When the model receives a multi-item response, it processes each content item according to its type. Text items are read as conversation context. Image items enter the vision pipeline. Resource items can be routed to appropriate handlers or displayed inline. The model can reference and reason about all of them together, treating the response as a coherent multi-modal package.

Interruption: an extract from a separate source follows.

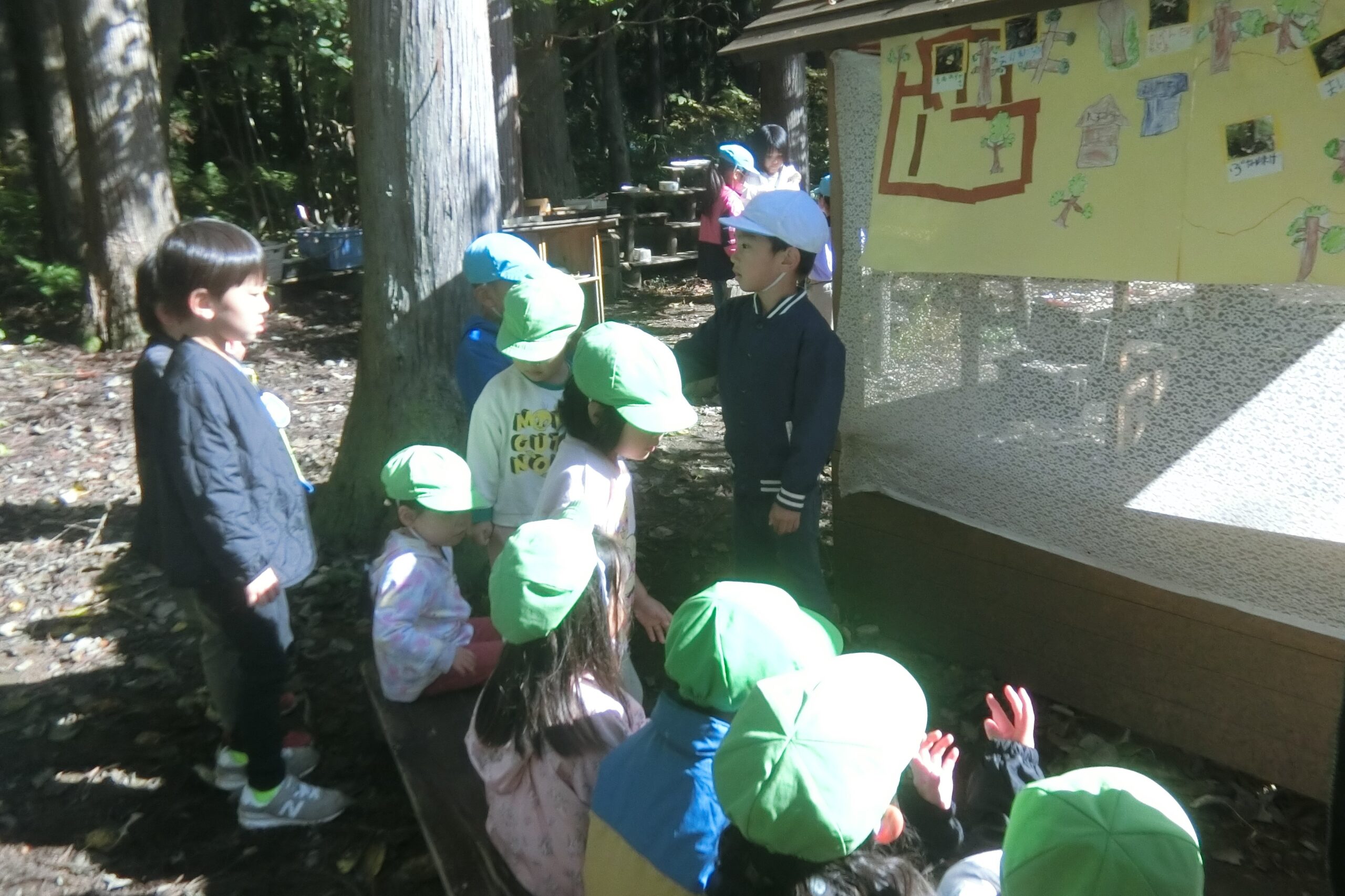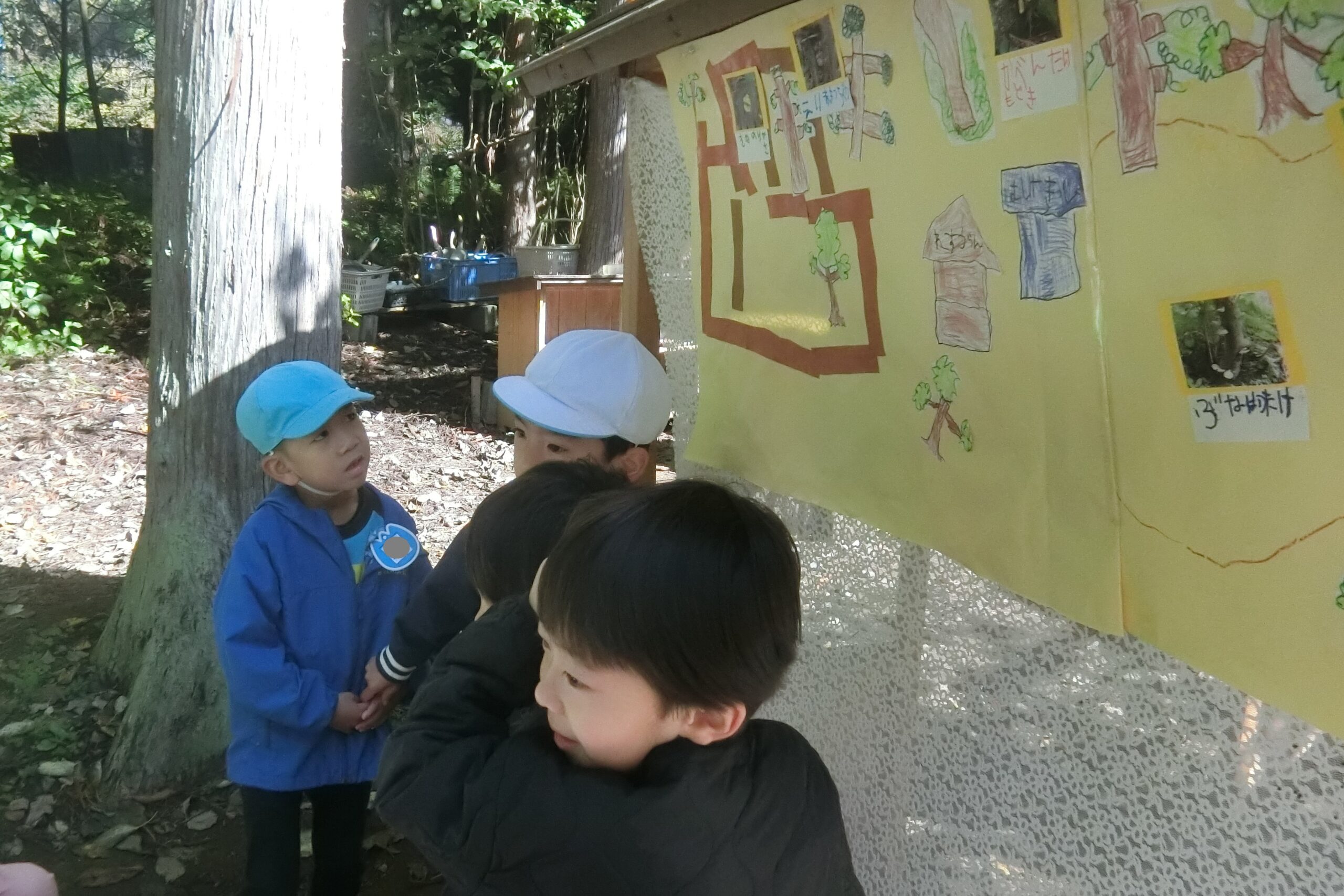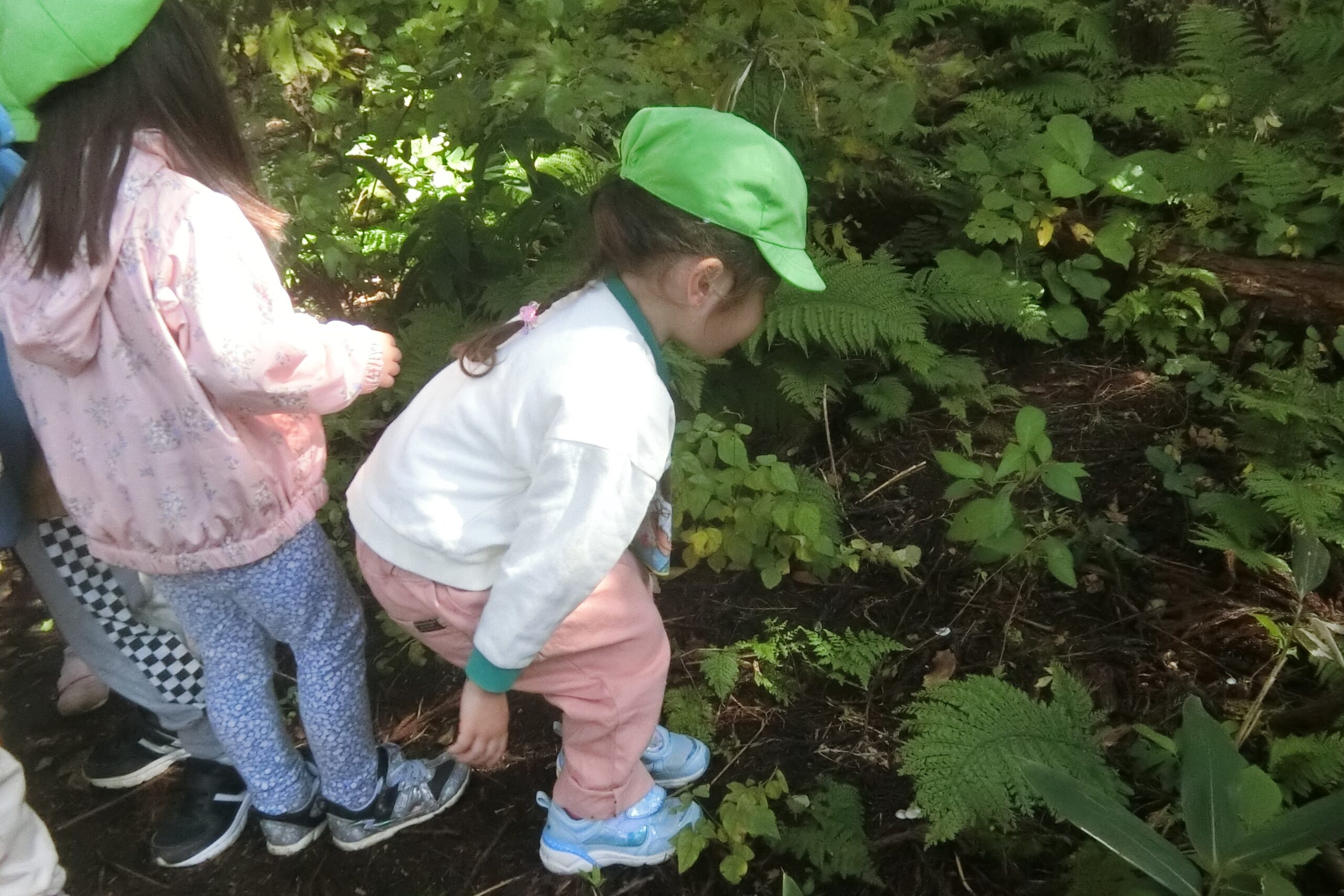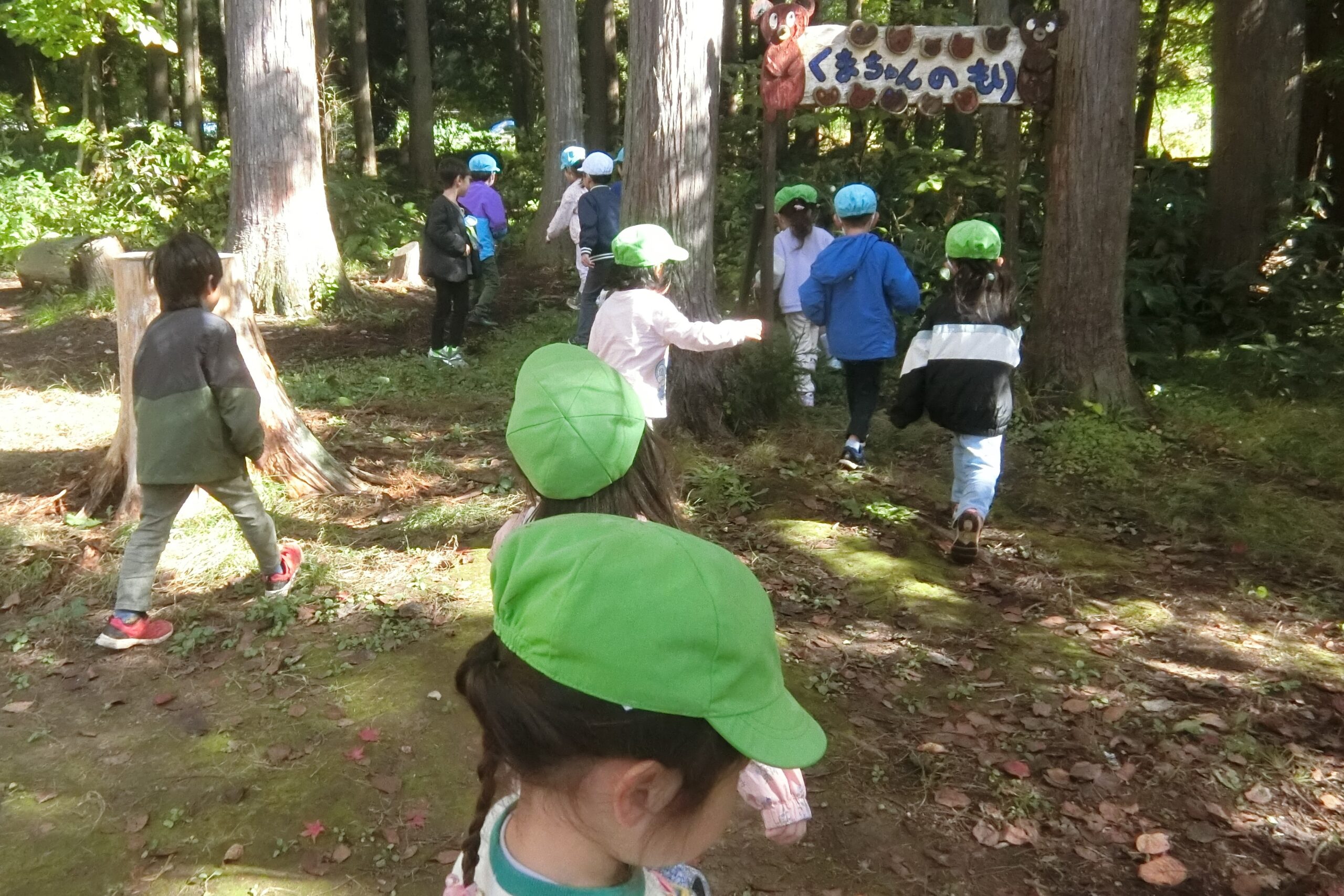 確かこの辺だよね。 見つけたら教えてね。 森に変化に敏感な子どもたち。 見つけたらまたみんなで調べようね!📖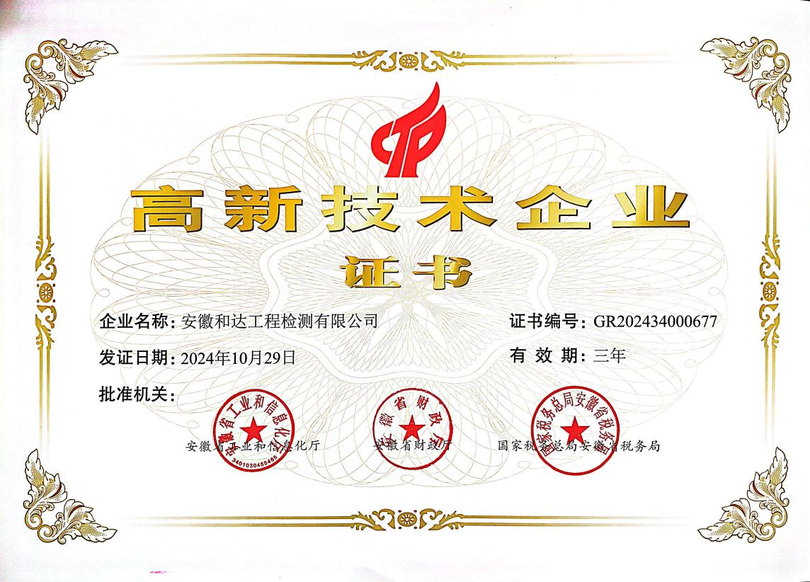 近日,建工檢測所屬子公司和達檢測順利通過高新技術企業(yè)認定,喜獲由安徽省工業(yè)和信息化廳、安徽省財政廳、國家稅務總局安徽省稅務局聯(lián)合頒發(fā)的國家級“高新技術企業(yè)”證書,成為建工檢測本部及所屬單位在內(nèi)的第7家高新技術企業(yè)。

TypeScript — multi-item PR analysis toolserver.tool(
'analyze_pr',
{ owner: z.string(), repo: z.string(), pr: z.number() },
async ({ owner, repo, pr }) => {
const [pullRequest, reviews, diff] = await Promise.all([
octokit.pulls.get({ owner, repo, pull_number: pr }),
octokit.pulls.listReviews({ owner, repo, pull_number: pr }),
octokit.pulls.get({ owner, repo, pull_number: pr, mediaType: { format: 'diff' } })
]);
return {
content: [
{
type: 'text',
text: `## PR #${pr}: ${pullRequest.data.title}\n\n` +
`**Author:** ${pullRequest.data.user?.login}\n` +
`**Status:** ${pullRequest.data.state}\n` +
`**Reviews:** ${reviews.data.length} ` +
`(${reviews.data.filter(r => r.state === 'APPROVED').length} approved)\n` +
`**Changed files:** ${pullRequest.data.changed_files}\n` +
`**+${pullRequest.data.additions} / -${pullRequest.data.deletions}`
},
{
type: 'resource',
resource: {
uri: `github://pr/${owner}/${repo}/${pr}/diff`,
mimeType: 'text/x-diff',
text: String(diff.data)
}
}
]
};
}
);
There is no hard limit on the number of content items in a response. A code generation tool might return a text explanation, three separate file resources (one per generated file), and an image of the resulting architecture diagram — all in a single call. The practical limit is the host's context window and the user's patience waiting for all the data to arrive.
| Content type | Best for | SDK field names | Example |
|---|---|---|---|
| text | Summaries, tables, code, errors | type, text | PR summary, search results, error message |
| image | Visual data, screenshots, charts | type, data, mimeType | Browser screenshot, matplotlib graph |
| resource | Structured files, diffs, blobs | type, resource{uri, mimeType, text|blob} | Git diff, JSON config, generated source file |
Production servers need logging, caching, rate limiting, timeout handling, and error tracking — but duplicating that logic in every tool handler is a maintenance nightmare. The middleware pattern wraps handlers with reusable behavior without modifying the underlying logic.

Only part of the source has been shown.